Tuesday, September 16, 2008

The Slow Food Taste Pavilions: a Glutonous Display of Food

One of the other events I participated in during Slow Food Nation was the Taste Pavilions. My ticket for this event was a whopping $58 after getting a discount from the original $65 via the Whole Foods discount. When my friend Lora and I arrived at Fort Mason, where the Taste Pavilions were being held, however, we were taken aback by the abundant display of delicious foods and suddenly realized that our $58 was money well spent.

The organizers of Slow Food Nation convinced local architects to create designs to convert one of the Fort Mason warehouses into a series of food specific rooms or "pavilions" where visitors can taste and learn about artisan versions of their favorite foods. Taste wise, my favorite of all of the pavilions was, by far, the ice cream pavilion. There were two "flights" of ice cream scoops, and I chose the Dark Chocolate, Olive Oil, and Fresh Blueberry flight, which was most definitely the best of the flights. The chocolate was creaming and wonderfully flavorful, the olive oil subtlety sweet and extra creamy with the fat of the oil, and the blueberry actually tasted like blueberries--what a concept!

My other favorite pavilions were the Olive Oil, Chocolate, Fish, and Wine, each for different reasons. The Olive Oil pavilion was in my opinion the best designed of the pavilions: the designers used everyday construction materials such as orange netting, raw wood, and crates to create a beautifully lit space that truly transported you away from the rest of the pavilions. More specifically, the front of the pavilion was occupied by a tasting station while the back of the space was equipped with an educational space where trained olive oil experts told about how to properly taste olive oil, which is a process reasonably similar to wine tasting, just involving smaller tastes (I mean, would you really want to drink a glass of olive oil in one sitting?). This pairing of spaces made it nice to go back to the tasting part of the pavilion so that you could taste each olive oil, knowing which undertones to look for. The chocolate pavilion was great because of the variety of tasting they gave you; it was also interesting how the flavors of each chocolate changed as you ate the other pieces, your taste pallet changing with each bite of chocolate. The wine pavilion, while not a wonderfully designed space, was wonderfully fun to go to with my friend Lora who can look at an absurdly long wine list and pick out the most expensive bottles to try, and boy, were some of them amazing. The fish was also a delicious stop for the creativity of each dish and was especially tasty after the disappointing charcuterie pavilion.

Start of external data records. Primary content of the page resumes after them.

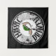 Awesome, fun music message, with a chameleon holding on to a musical note placed on a distressed vinyl record background . For all music lovers in the our universe.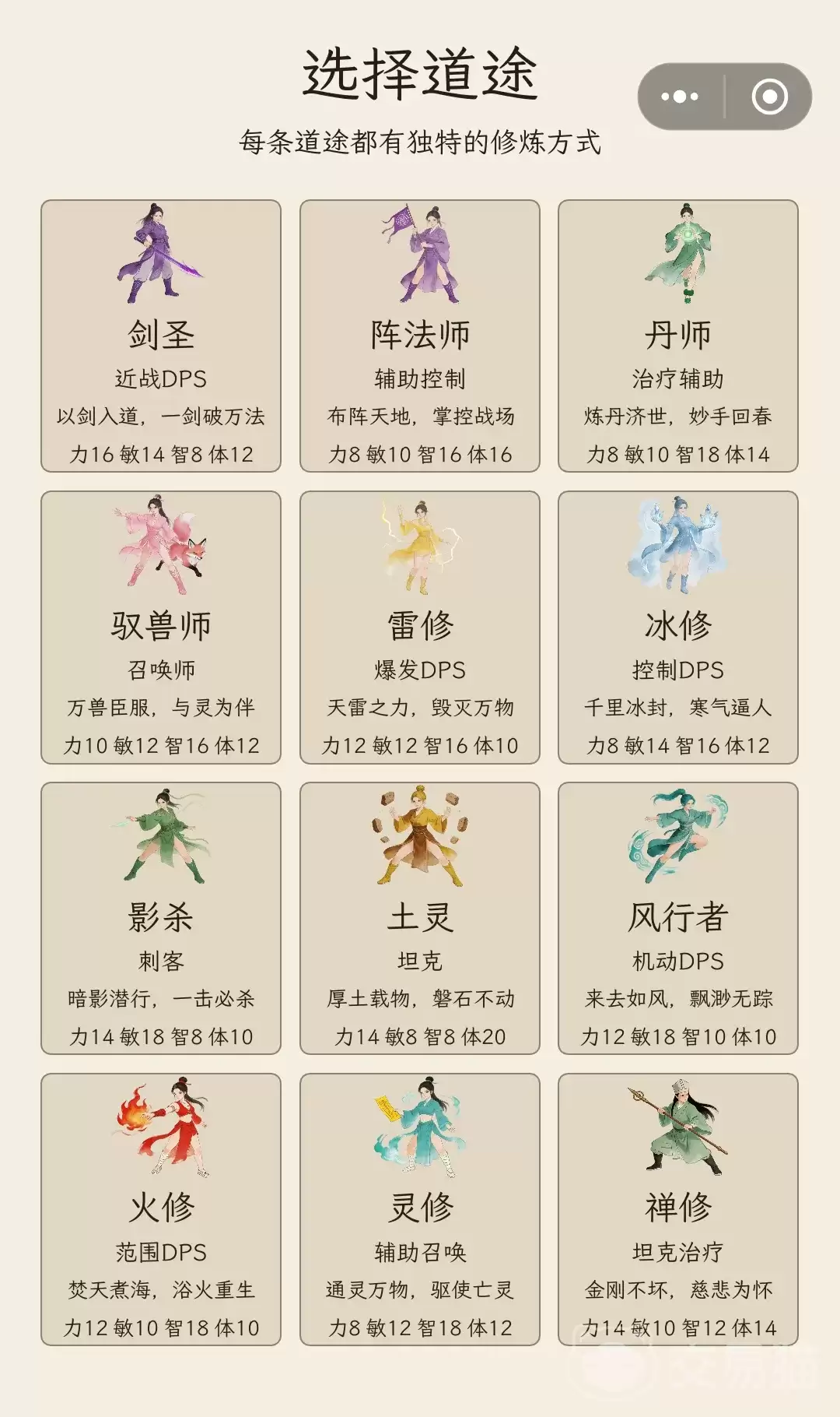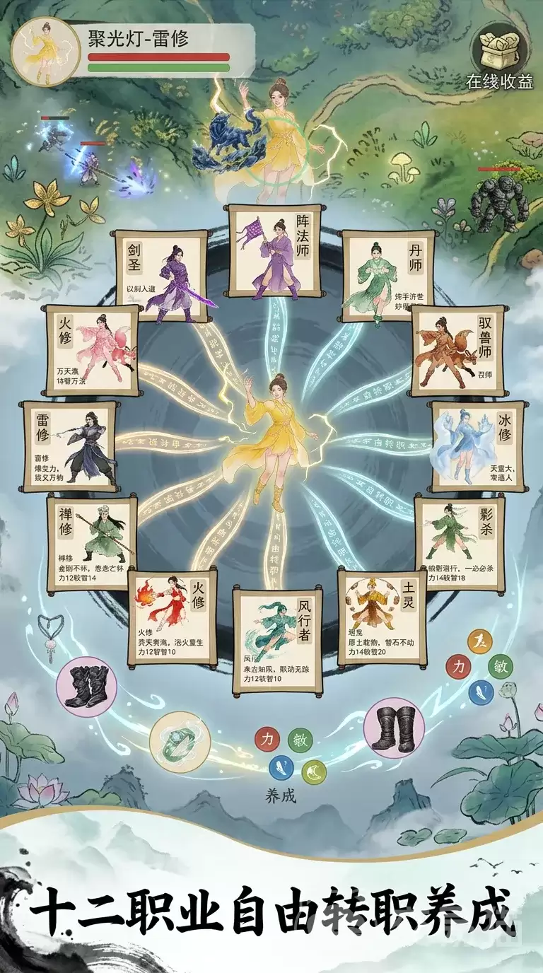 游戏的职业体系建立在属性专精的底层逻辑之上。以开局可选的“雷修”为例,其天生具备“天雷专精”特性,擅长高频率的群体伤害,在前期清怪冲级阶段效率突出。角色加点方面则提供了灵活的策略空间:纯粹追求极致输出的玩家,可以全力主加智力;而如果担心副本挑战失败带来惩罚,适当分配点数到体力上,则能显著提升生存容错率,让推图过程更加稳健。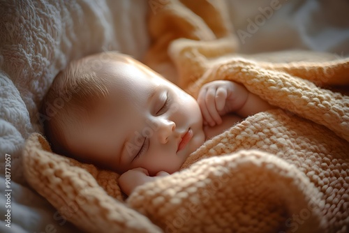 Noworodek, niemowlę, sen noworodka, śpiące dziecko, noworodek, dwa tygodnie, miękki kocyk, spokojny sen, urocza twarz, delikatne światło, przytulność, bezpieczeństwo, ciepło, tekstura, spokój,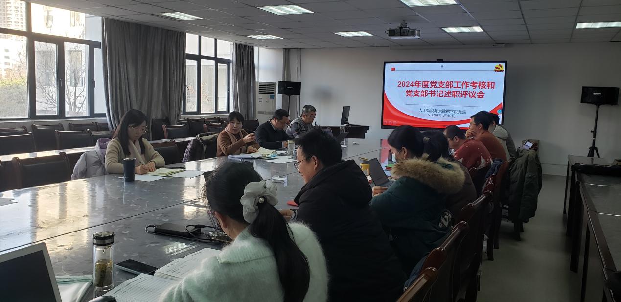 2025年1月10日,為深入貫徹落實習近平新時代中國特色社會主義思想和黨的二十大精神,全面總結2024年學院基層黨建工作,人工智能與大數據學院黨委在36棟3樓會議室召開2024年度黨支部書記抓基層黨建述職評議會議。本次會議由院黨委書記牛欣主持,院黨委委員、組織員和各黨支部書記共同參會。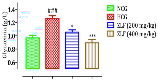 Effect of the aqueous ZLF extract on blood glucose level in mice exposed to HFD. Data are mean ± SEM, n = 6. ### p ≤ 0.001 versus NCG. * p < 0.05, *** p < 0.001 versus HFD group.
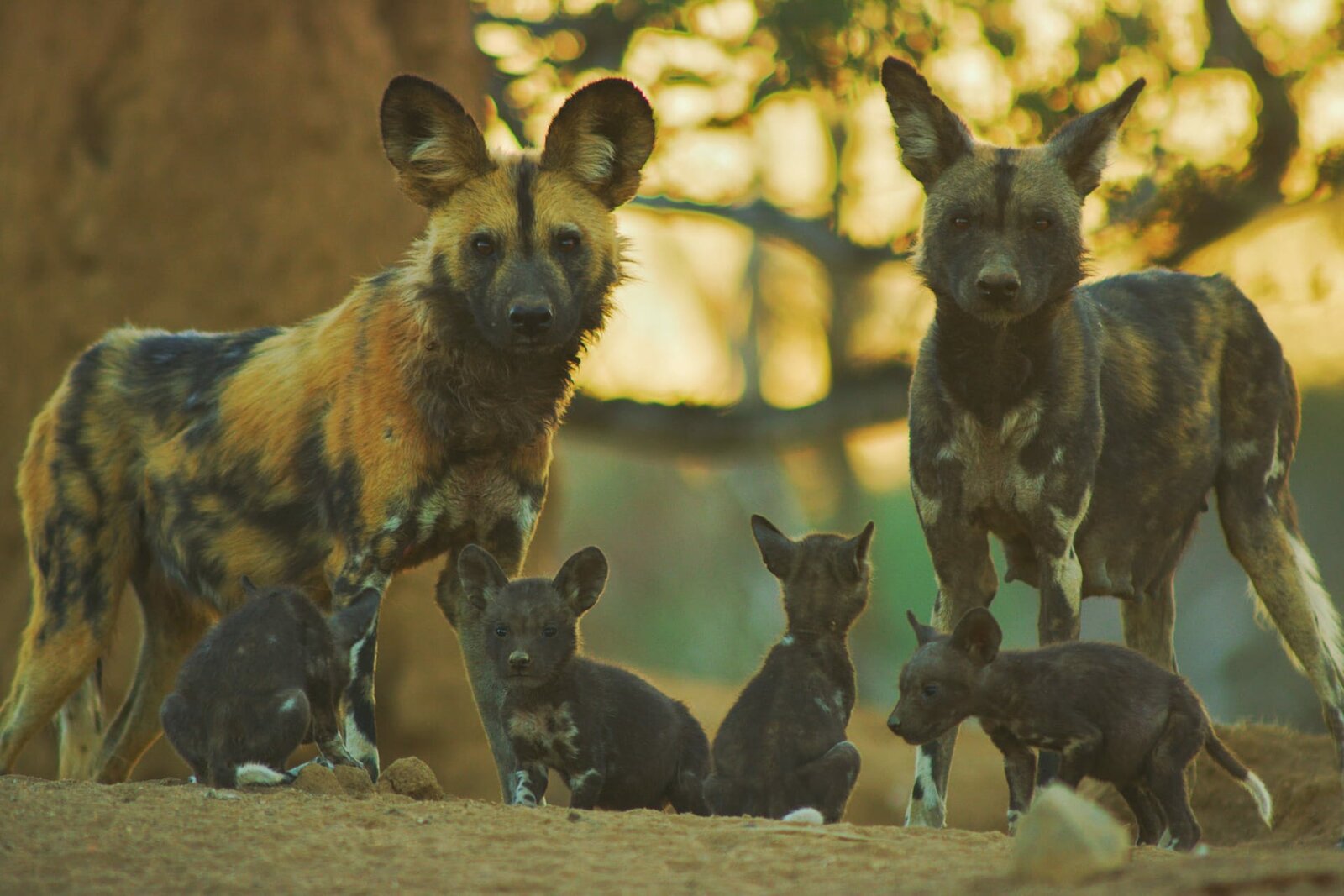 Lyca, die WildhündinZeema das Alphaweibchen mit ihren Kindern. Wegen ihres marmorierten Fells werden sie auch „bunte“ oder „bemalte“ Wölfe genannt.Bild: © ZDF und Russ MacLaughlin.

And so yes, the charcuterie was very disappointing. While the prosciutto we had was tasty, but it's pretty hard to have prosciutto not be tasty. We were also given beef jerky (really?) and something that resembled pate, but wasn't. Each were fine, but none had any wow factor. Charcuterie truly was a pavilion with so much potential (just off the top of my head, why no lardo?) that was totally not taken advantage of, while also in the midst of other pavilions that were totally pushing the envelop of their respective food products.

One of the most fun parts of the night, however, was are mistaken crashing of the employee party. After the official ending of the Taste Pavilions at 9, people congregated outside the event in front of the beer pavilion, and Lora and I thought it appropriate to join them. Eventually, it went on past 10 and a lot of people had left, and those remaining started to ask us which pavilion we had worked in. After enough people asked us, we realized we were in fact crashing the staff party, which was more than fine with the good natured foodies. The great part about the party was that all the beer, bread, and opened bottles of wine not used during the event were now being given out for free for all to take, which we might have taken advantage of just a bit.

Relating this back to the Slow Food movement as a whole, Slow Food is often criticized for being an exclusive or bougie movement; due to the expensive price of the ticket for the pavilions, this point is valid. While it was a wonderful experience to taste such delicious food, the polished designs of the pavilions, the high end food products, and the well dressed visitors seemed a little removed from some of the movement's "roots". On the other hand, having such a celebration of food brings delicious food and the necessary steps to obtain this food (good, clean, fair being the moto of the slow food movement) to the attention of a greater public than it would have otherwise. In this manner, it is great that it is more prevelent to be a conscientious food consumer but I would agree with one of the speakers I saw in a panel during the weekend (which will be the subject of my next posting) who said that one of the greatest obstacles to the movement is fashion. As fashions change and flux, we do not want the slow food movement to be a fad that will simply pass with time.

Also, I should mention that Alice Waters was there. She signed my ticket. Swoon.